## Task prompt
Type the records that follow again exactly as written, but drop the pictures.

## Records supplied
□ □ □

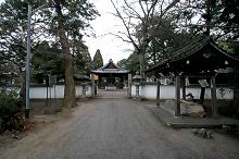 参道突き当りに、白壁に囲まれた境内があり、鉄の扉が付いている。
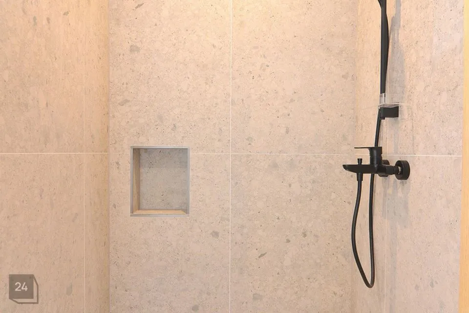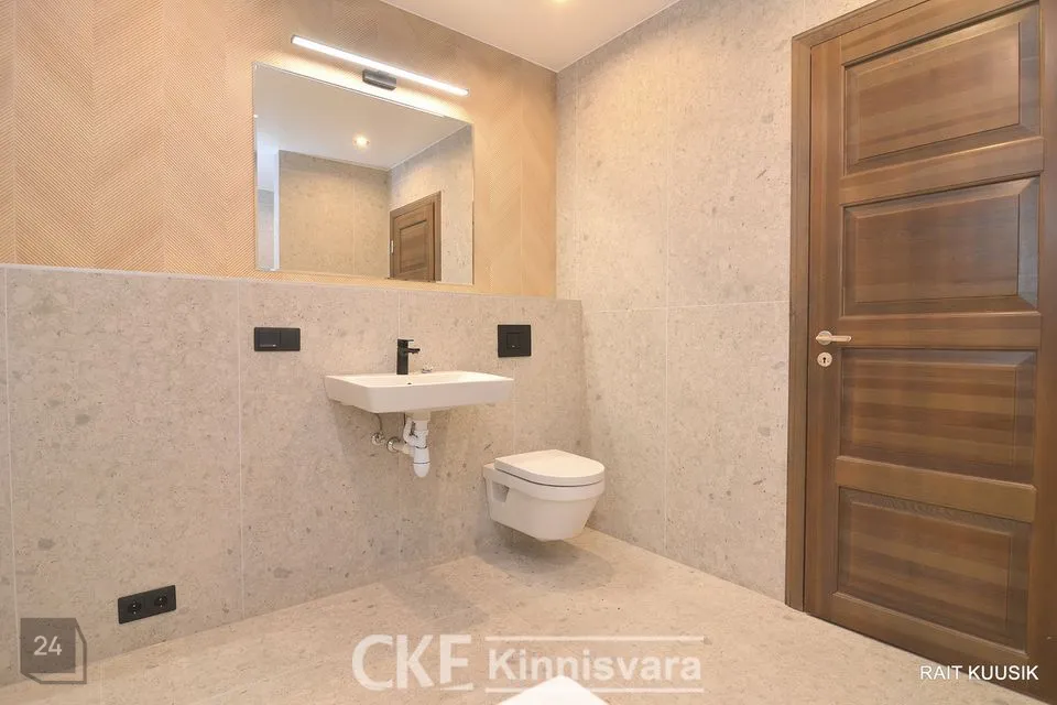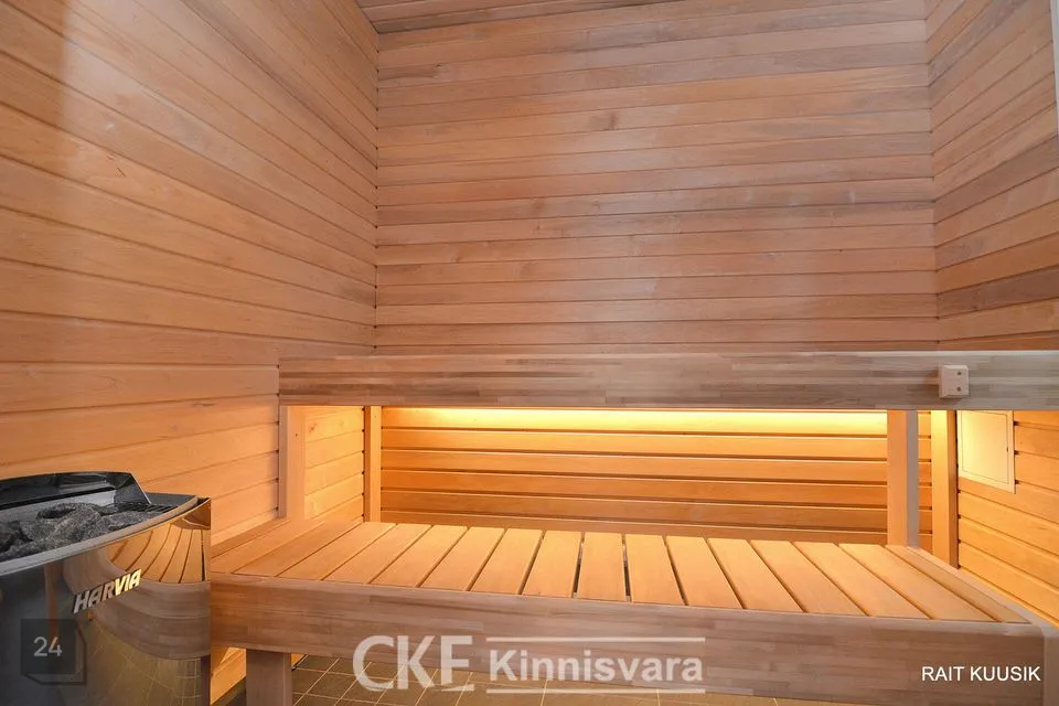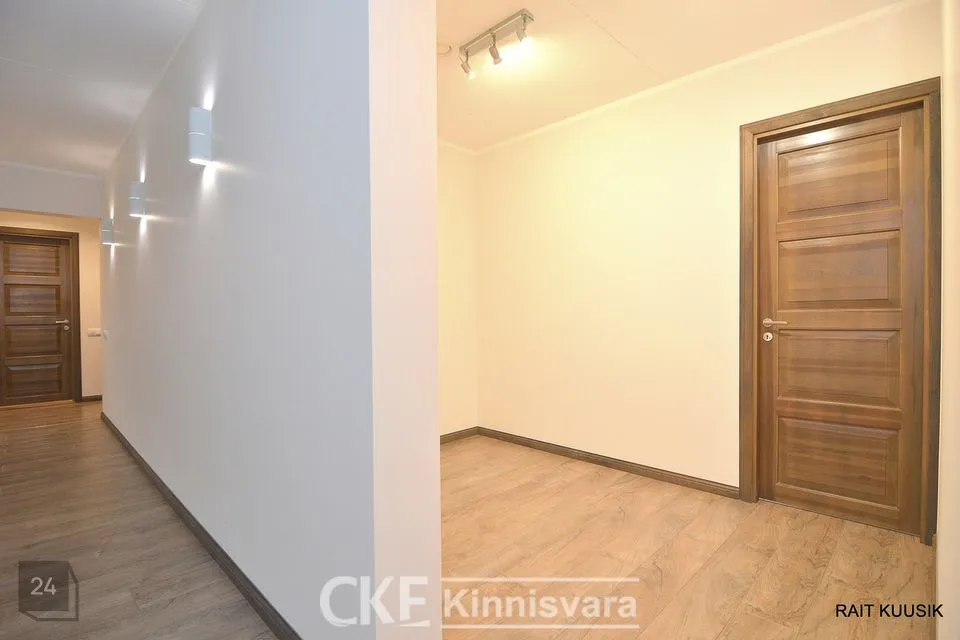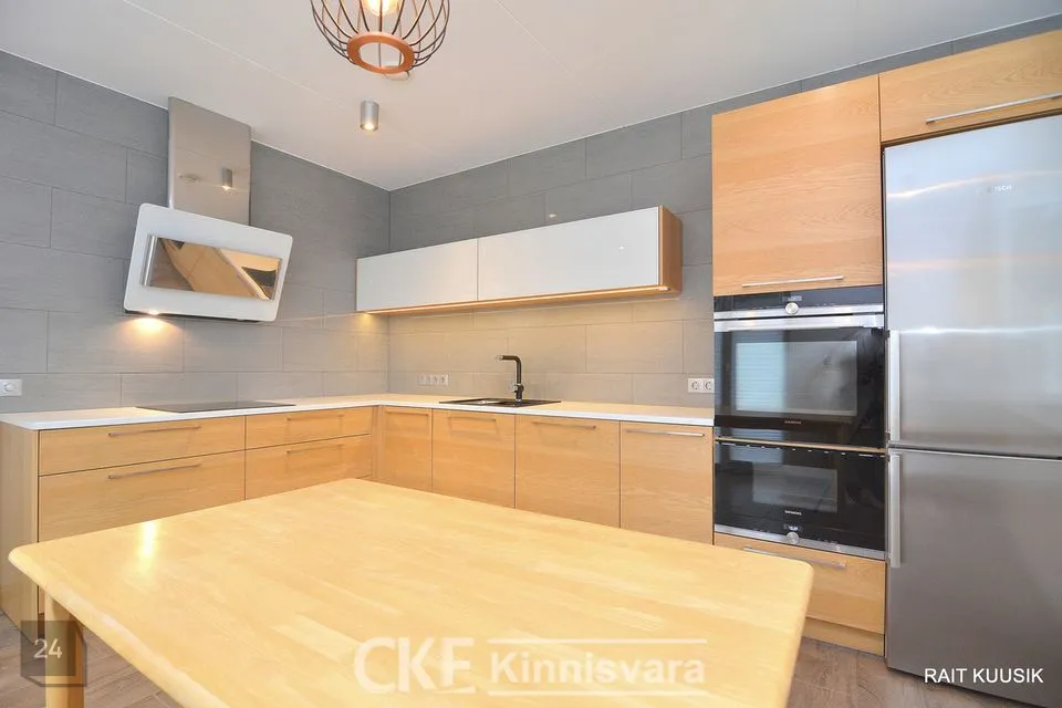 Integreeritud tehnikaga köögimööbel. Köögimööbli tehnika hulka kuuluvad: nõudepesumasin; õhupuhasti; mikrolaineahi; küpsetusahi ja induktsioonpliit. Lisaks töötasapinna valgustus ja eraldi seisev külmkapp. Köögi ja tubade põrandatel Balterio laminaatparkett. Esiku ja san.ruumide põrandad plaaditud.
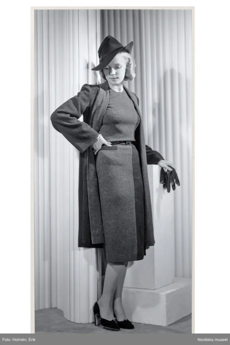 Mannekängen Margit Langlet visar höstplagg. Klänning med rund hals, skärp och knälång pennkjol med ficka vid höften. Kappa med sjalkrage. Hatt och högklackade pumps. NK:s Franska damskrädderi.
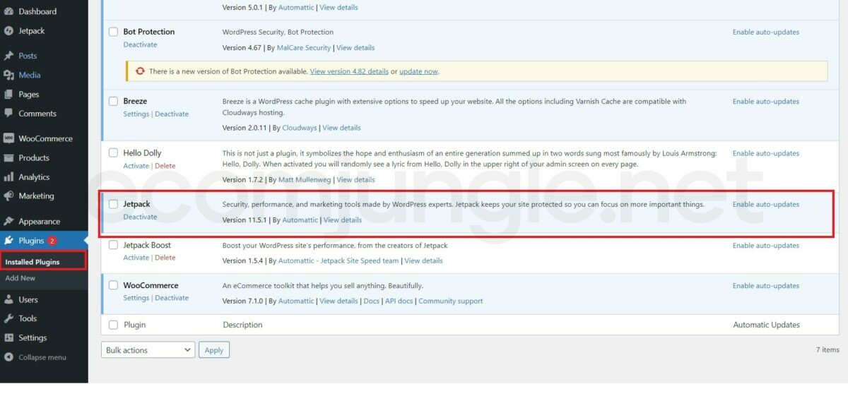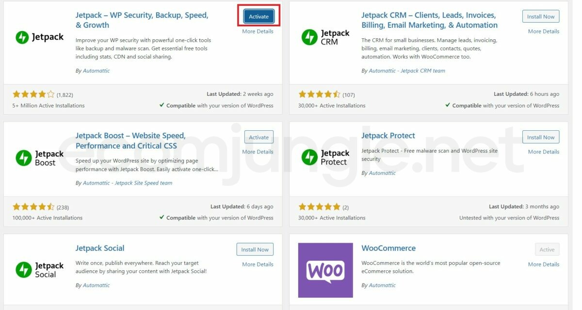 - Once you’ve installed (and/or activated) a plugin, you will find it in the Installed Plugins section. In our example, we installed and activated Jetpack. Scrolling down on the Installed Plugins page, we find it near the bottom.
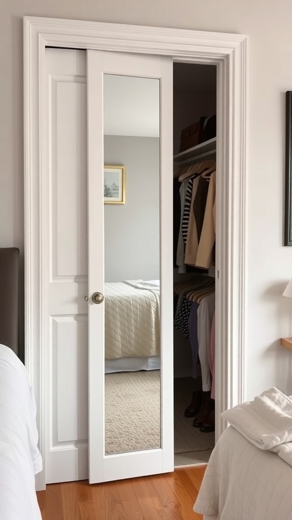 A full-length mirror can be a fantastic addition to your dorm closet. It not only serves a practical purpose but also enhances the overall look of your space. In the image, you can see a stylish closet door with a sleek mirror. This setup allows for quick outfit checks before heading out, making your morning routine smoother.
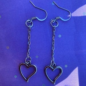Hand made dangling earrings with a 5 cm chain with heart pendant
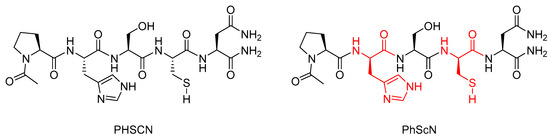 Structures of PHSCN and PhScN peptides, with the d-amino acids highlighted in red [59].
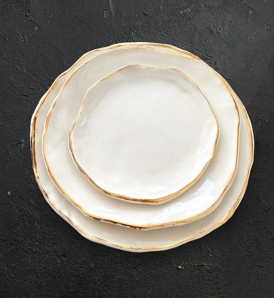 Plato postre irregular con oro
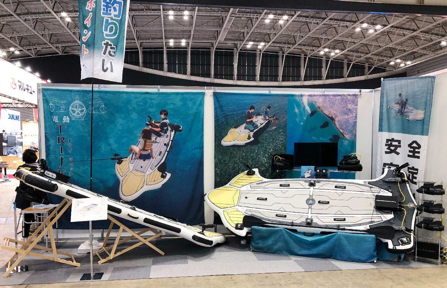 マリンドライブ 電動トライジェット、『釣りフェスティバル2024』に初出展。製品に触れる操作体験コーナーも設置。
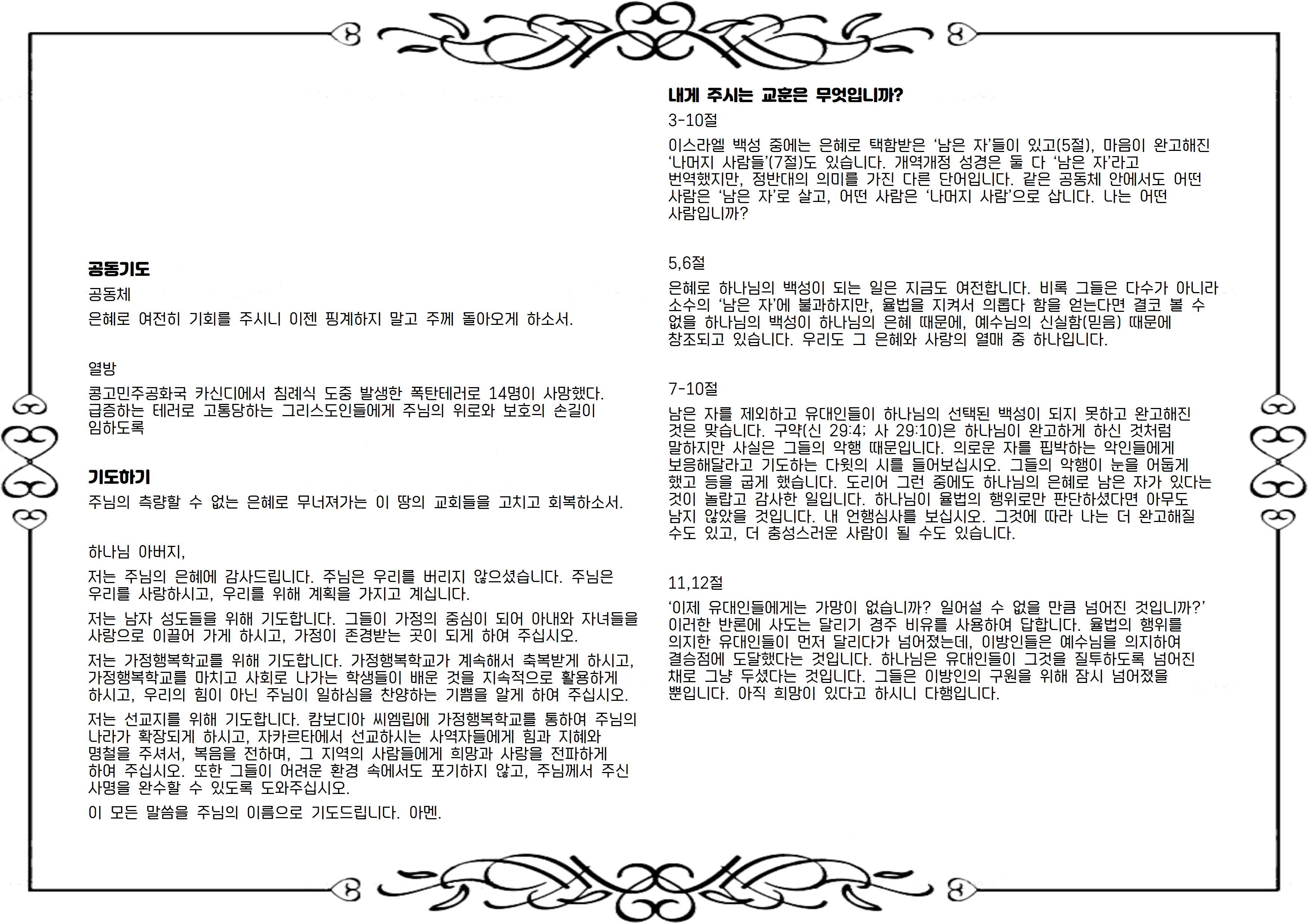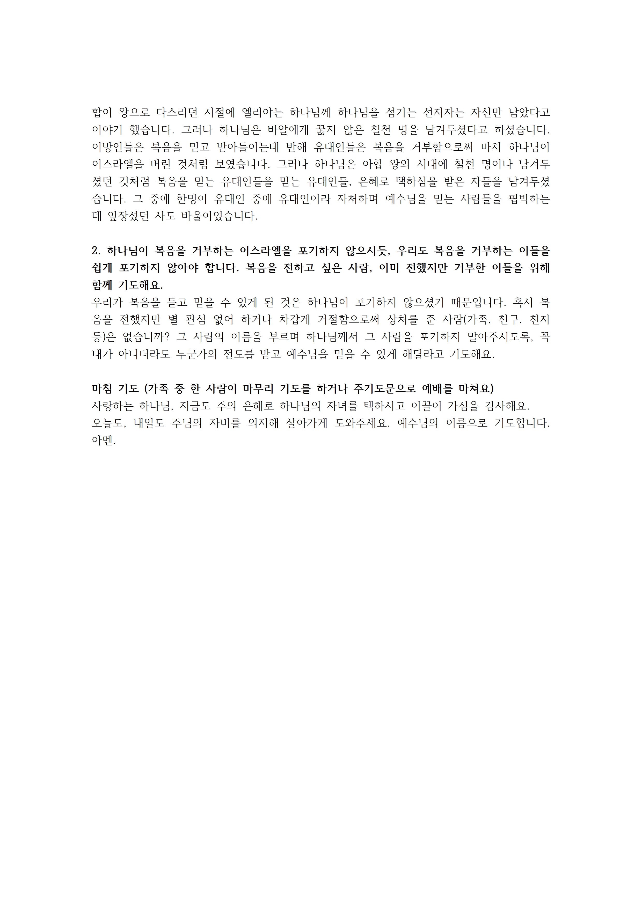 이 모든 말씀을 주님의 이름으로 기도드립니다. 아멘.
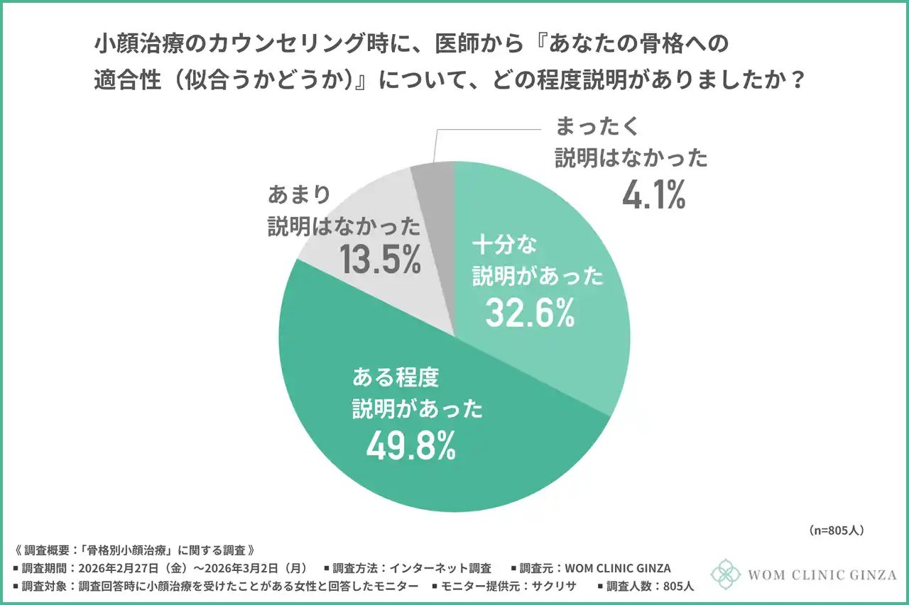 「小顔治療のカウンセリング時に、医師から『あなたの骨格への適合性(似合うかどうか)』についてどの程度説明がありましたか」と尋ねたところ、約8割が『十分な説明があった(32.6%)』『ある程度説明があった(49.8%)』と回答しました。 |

□ □ □

## Your response
 参道突き当りに、白壁に囲まれた境内があり、鉄の扉が付いている。
 Integreeritud tehnikaga köögimööbel. Köögimööbli tehnika hulka kuuluvad: nõudepesumasin; õhupuhasti; mikrolaineahi; küpsetusahi ja induktsioonpliit. Lisaks töötasapinna valgustus ja eraldi seisev külmkapp. Köögi ja tubade põrandatel Balterio laminaatparkett. Esiku ja san.ruumide põrandad plaaditud.
 Mannekängen Margit Langlet visar höstplagg. Klänning med rund hals, skärp och knälång pennkjol med ficka vid höften. Kappa med sjalkrage. Hatt och högklackade pumps. NK:s Franska damskrädderi.
 - Once you’ve installed (and/or activated) a plugin, you will find it in the Installed Plugins section. In our example, we installed and activated Jetpack. Scrolling down on the Installed Plugins page, we find it near the bottom.
 A full-length mirror can be a fantastic addition to your dorm closet. It not only serves a practical purpose but also enhances the overall look of your space. In the image, you can see a stylish closet door with a sleek mirror. This setup allows for quick outfit checks before heading out, making your morning routine smoother.
Hand made dangling earrings with a 5 cm chain with heart pendant
 Structures of PHSCN and PhScN peptides, with the d-amino acids highlighted in red [59].
 Plato postre irregular con oro
 マリンドライブ 電動トライジェット、『釣りフェスティバル2024』に初出展。製品に触れる操作体験コーナーも設置。
 이 모든 말씀을 주님의 이름으로 기도드립니다. 아멘.
 「小顔治療のカウンセリング時に、医師から『あなたの骨格への適合性(似合うかどうか)』についてどの程度説明がありましたか」と尋ねたところ、約8割が『十分な説明があった(32.6%)』『ある程度説明があった(49.8%)』と回答しました。 |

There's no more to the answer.